Shortly after arriving, a 12-lead EKG was performed (Figure 1), and PEA recurred.

Figure 1. EKG performed just prior to second cardiopulmonary arrest showing S1 Q3 T3 pattern (arrows).

Approximately ten-minutes into this second episode of ACLS, a cardiology consultant informed the code team of an S1,Q3,T3 pattern on the EKG. A point-of-care (POC) echocardiogram performed during rhythm checks was technically-limited, but showed a dilated hypokinetic right ventricle (see video 1).

Video 1. Echocardiogram performed during ACLS rhythm check: Four-chamber view is poor quality, but shows massive RV dilation and systolic dysfunction.

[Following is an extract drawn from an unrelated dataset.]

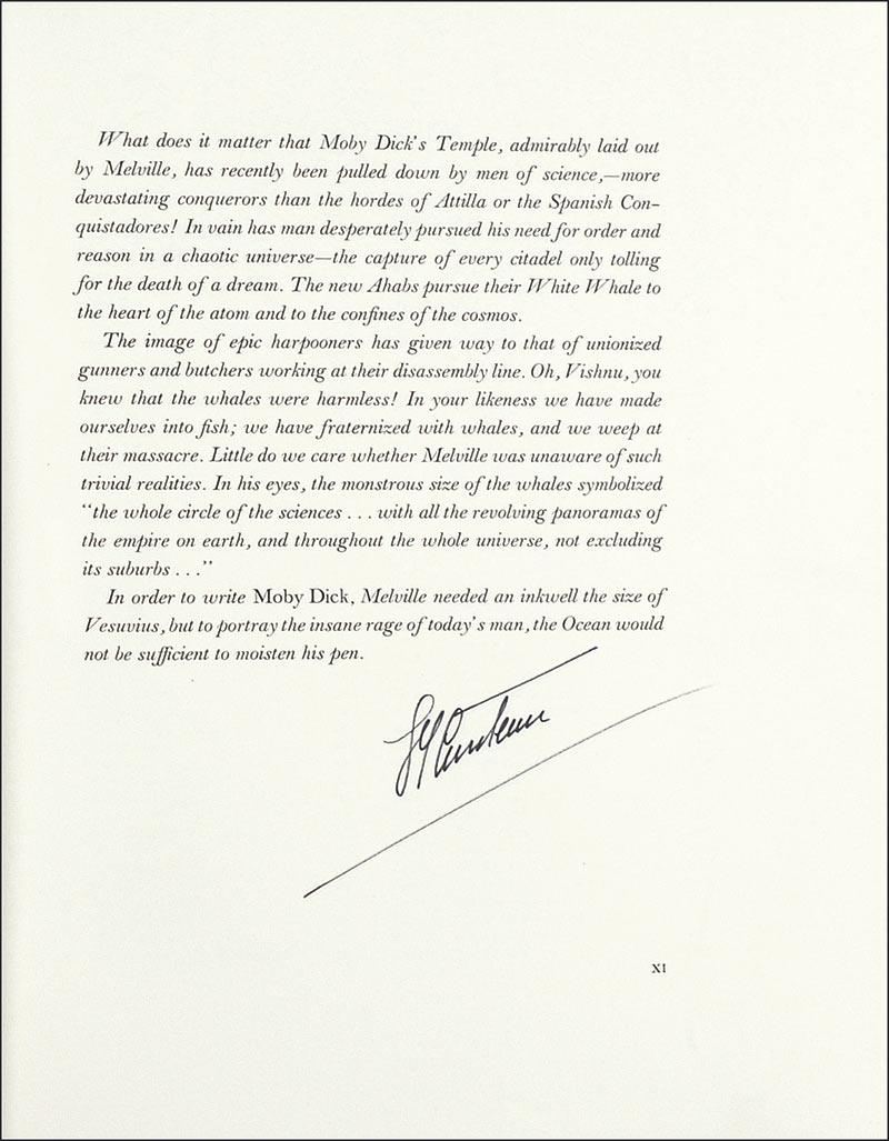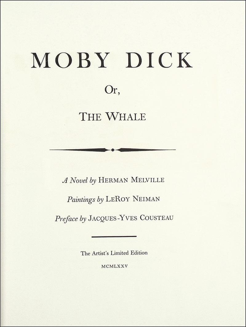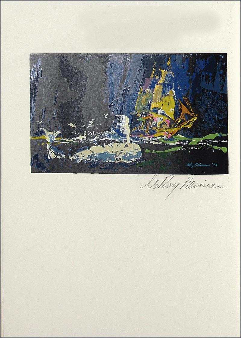 Signed book: Herman Melville: Moby Dick, or the Whale. Artist’s limited edition of 1500 copies (this copy No. 104). Mount Vernon, New York: A. Colish, 1975. Gilt-stamped, leather-bound hardcover with slipcase, 11.5 x 14.25, 272 pages. Signed in pencil on the frontispiece, which bears a beautiful color serigraph by Neiman. Book also bears a preface signed by Jacques Cousteau. In fine condition, with a bit of scattered light surface wear to cover. Pre-certified PSA/DNA and RRAuction COA.

Approximately twenty-minutes into the arrest, 50mg tissue plasminogen activator (tPA) was administered, and return of spontaneous circulation (ROSC) achieved two minutes later. A tPA infusion was started. The patient’s chart was reviewed. He had received care in our ICU previously, but this wasn’t immediately recognized because he had subsequently changed his name of record to the pseudonym “John Doe” (not the real pseduonym), creating two separate and distinct EMR records for the single current hospital stay. Review of the first of these two records, identified by his legal name, revealed he had been admitted to our ICU one month previously for a 5.4 x 3.6 x 2.9 cm left basal ganglia hemorrhage. We stopped the tPA infusion.

On further review of his original EMR is was noted that two weeks after admission for intracranial hemorrhage, (and two weeks prior to cardiopulmonary arrest), he had experienced right leg swelling and an ultrasound demonstrated extensive DVT of the right superficial femoral, saphenous, popliteal and peroneal veins. An IVC filter had been due to anticoagulant contraindication. The patient’s subsequent rehabilitation had been progressing well over the subsequent two weeks and discharge was being discussed on the day cardiopulmonary arrest occurred.

On post-arrest neurological examination, the patient gave a left-sided, thumbs-up to verbal request. Ongoing hypotension was treated with a norepinephrine infusion and inhaled epoprostenol. An emergent head CT was performed and compared to a head CT from four weeks previously (Figure 2), showing normal evolution of the previous intracranial hemorrhage without any new bleeding. 

Figure 2. CT brain four weeks prior to (Panel A), and immediately after cardiopulmonary arrest and administration of tPA (Panel B), showing substantial resolution of the previous intracranial hemorrhage.

A therapeutic-dose heparin infusion was started. An official echo confirmed the findings of our POC echo performed during the code, with the additional finding of McConnell’s sign. McConnell’s sign is a distinct echocardiographic finding described in patients with acute pulmonary embolism with regional pattern of right ventricular dysfunction, with akinesia of the mid free wall but normal motion at the apex (1). A CT angiogram showed bilateral pulmonary emboli, and interventional radiology performed bilateral thrombectomies. Hypotension resolved immediately thereafter. The patient was transferred out of the ICU a few days later and resumed his rehabilitation.

A few points of interest:

  • IVC filters do not absolutely prevent life-threatening pulmonary embolism (2,3).
  • Sometimes, serendipity smiles, as when the cardiologist happened into the room during the code, and provided an essential bit of information.
  • Emergent POC ultrasonography is an essential tool in the management of PEA arrest of uncertain etiology.
  • Barriers to access of prior medical records can lead to poorly-informed decisions. But in this case, ignorance likely helped us make the right decision.
  • Giving lytic therapy one month after an intracranial hemorrhage is not absolutely contra-indicated when in dire need.
  • As the late great intensivist, Jay Blum MD used to say: “Sometimes it’s better to be lucky than smart.”

References

  1. Ogbonnah U, Tawil I, Wray TC, Boivin M. Ultrasound for critical care physicians: Caught in the act. Southwest J Pulm Crit Care. 2018;17(1):36-8. [CrossRef]
  2. Urban MK, Jules-Elysee K, MacKenzie CR. Pulmonary embolism after IVC filter. HSS J. 2008 Feb;4(1):74-5. [CrossRef] [PubMed]
  3. PREPIC Study Group. Eight-year follow-up of patients with permanent vena cava filters in the prevention of pulmonary embolism: the PREPIC (Prevention du Risque d'Embolie Pulmonaire par Interruption Cave) randomized study. Circulation. 2005 Jul 19;112(3):416-22. doi: [CrossRef] [PubMed]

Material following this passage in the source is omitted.